═════ Data excerpt

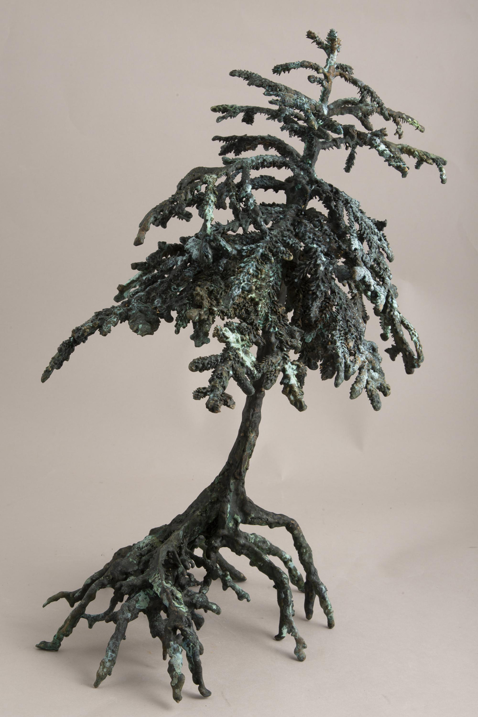 Ellen Ehk is a Swedish designer and artist, educated at HDK, Högskolan för Design och Konsthantverk. As a child, she spent a lot of time in the old forest behind her childhood home and the forest often reappears in her art. The bronze sculpture Night tree #16 is part of a series with several trees. The sculptures represent moonlit night fir-trees and represent a childhood memory that the artist carries with her, filled with missing and loss of the trees that quietly received her fantasies and thoughts when she was a child. Real plants and twigs were used as a model for the sculptures.
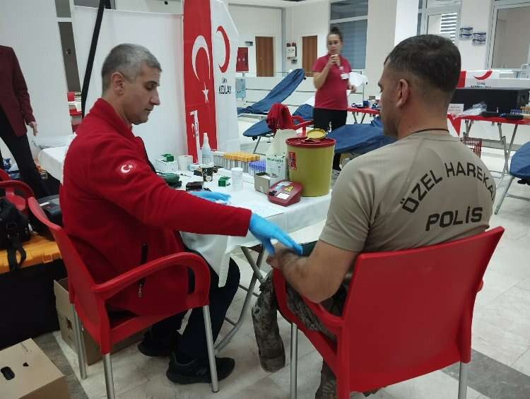 “Kan, tek kaynağı insan olan hayati bir sıvı” ifadelerini kullanan Edirne Kızılay Ekip Doktoru Erhan Aksoy ise “Emniyet Müdürlüğümüz sadece bu gün değil, geçmiş dönemlerde de kan bağışında Kızılay’a olan desteklerini yerine getirmişlerdir. Bugün LÖSEV farkındalık haftasıyla ilgili de kemik iliği bekleyen çocuklarımız için kök hücre bağışında da bulundular. Hem kanlarıyla, hem kök hücreleriyle çok büyük destek yaptılar. Aynı desteği tüm kurumlarımızdan ve tüm vatandaşlarımızdan bekliyoruz. Sağlıklıyken kan verelim ki ihtiyacımız olduğunda aramak zorunda kalmayalım. Tüm vatandaşlarımızı Emniyet Müdürlüğü nezdinde davet ediyoruz” şeklinde konuştu.
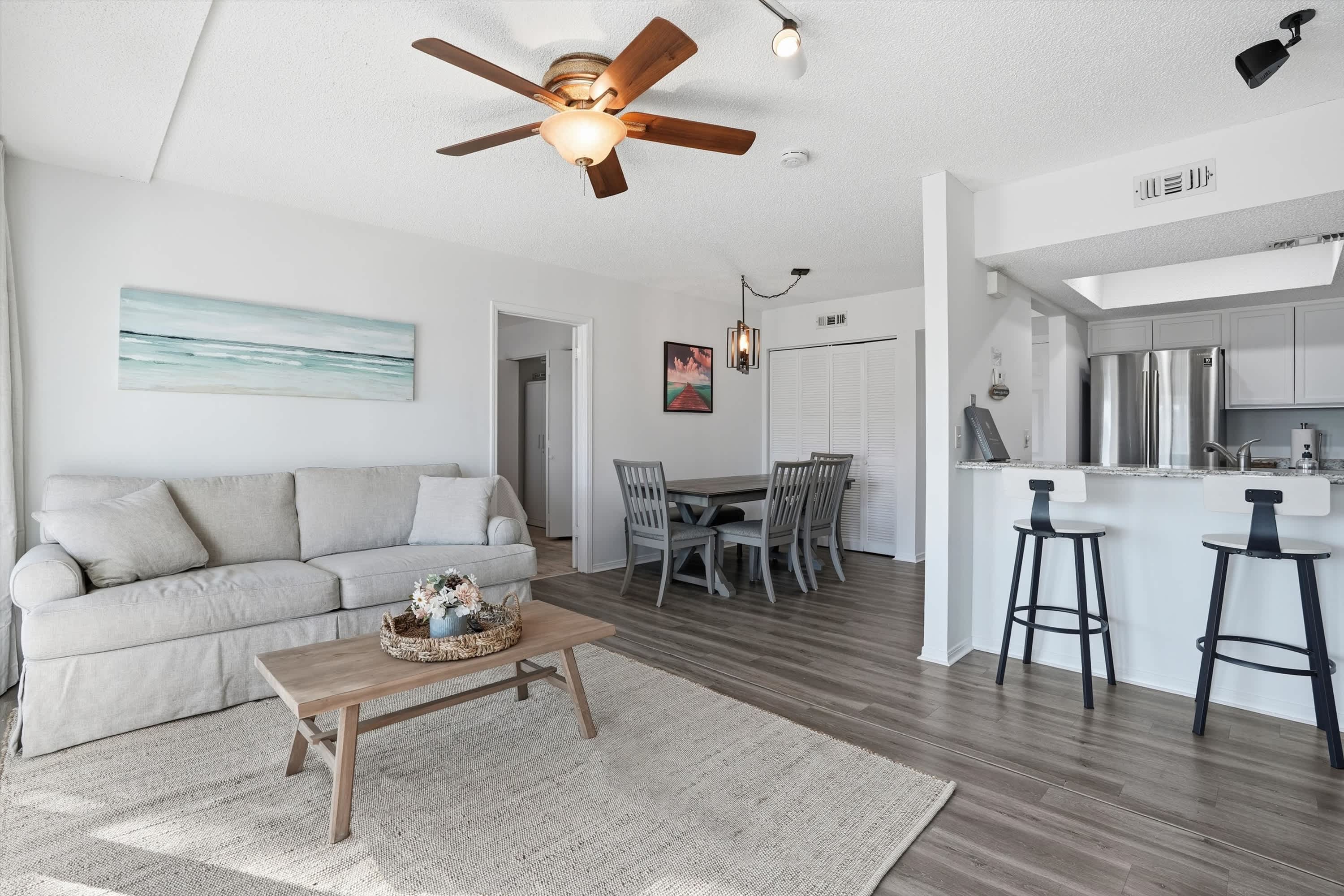 LESS THAN A 1/2 MILE FROM THE OCEAN! This space is freshly updated at the perfect location. Very clean with a non contact check in! You’re a short walk to many coffee shops, restaurants, bars and the sand. Less than 4 miles away from Mayo Clinic. Your place is very clean and has a modern, coastal vibe. Everything you need including 5 beach chairs, umbrella, grill and kitchen essentials!
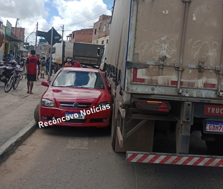 Um veículo Chevrolet Astra ficou prensado após um incidente envolvendo uma carreta, na manhã desta sexta-feira (10), no bairro da Catiara

══════════

:: Directions ::
Your copy should hold all the data word for word. It should hold no pictures.

:: Response to this exercise ::
 Ellen Ehk is a Swedish designer and artist, educated at HDK, Högskolan för Design och Konsthantverk. As a child, she spent a lot of time in the old forest behind her childhood home and the forest often reappears in her art. The bronze sculpture Night tree #16 is part of a series with several trees. The sculptures represent moonlit night fir-trees and represent a childhood memory that the artist carries with her, filled with missing and loss of the trees that quietly received her fantasies and thoughts when she was a child. Real plants and twigs were used as a model for the sculptures.
 “Kan, tek kaynağı insan olan hayati bir sıvı” ifadelerini kullanan Edirne Kızılay Ekip Doktoru Erhan Aksoy ise “Emniyet Müdürlüğümüz sadece bu gün değil, geçmiş dönemlerde de kan bağışında Kızılay’a olan desteklerini yerine getirmişlerdir. Bugün LÖSEV farkındalık haftasıyla ilgili de kemik iliği bekleyen çocuklarımız için kök hücre bağışında da bulundular. Hem kanlarıyla, hem kök hücreleriyle çok büyük destek yaptılar. Aynı desteği tüm kurumlarımızdan ve tüm vatandaşlarımızdan bekliyoruz. Sağlıklıyken kan verelim ki ihtiyacımız olduğunda aramak zorunda kalmayalım. Tüm vatandaşlarımızı Emniyet Müdürlüğü nezdinde davet ediyoruz” şeklinde konuştu.
 LESS THAN A 1/2 MILE FROM THE OCEAN! This space is freshly updated at the perfect location. Very clean with a non contact check in! You’re a short walk to many coffee shops, restaurants, bars and the sand. Less than 4 miles away from Mayo Clinic. Your place is very clean and has a modern, coastal vibe. Everything you need including 5 beach chairs, umbrella, grill and kitchen essentials!
 Um veículo Chevrolet Astra ficou prensado após um incidente envolvendo uma carreta, na manhã desta sexta-feira (10), no bairro da Catiara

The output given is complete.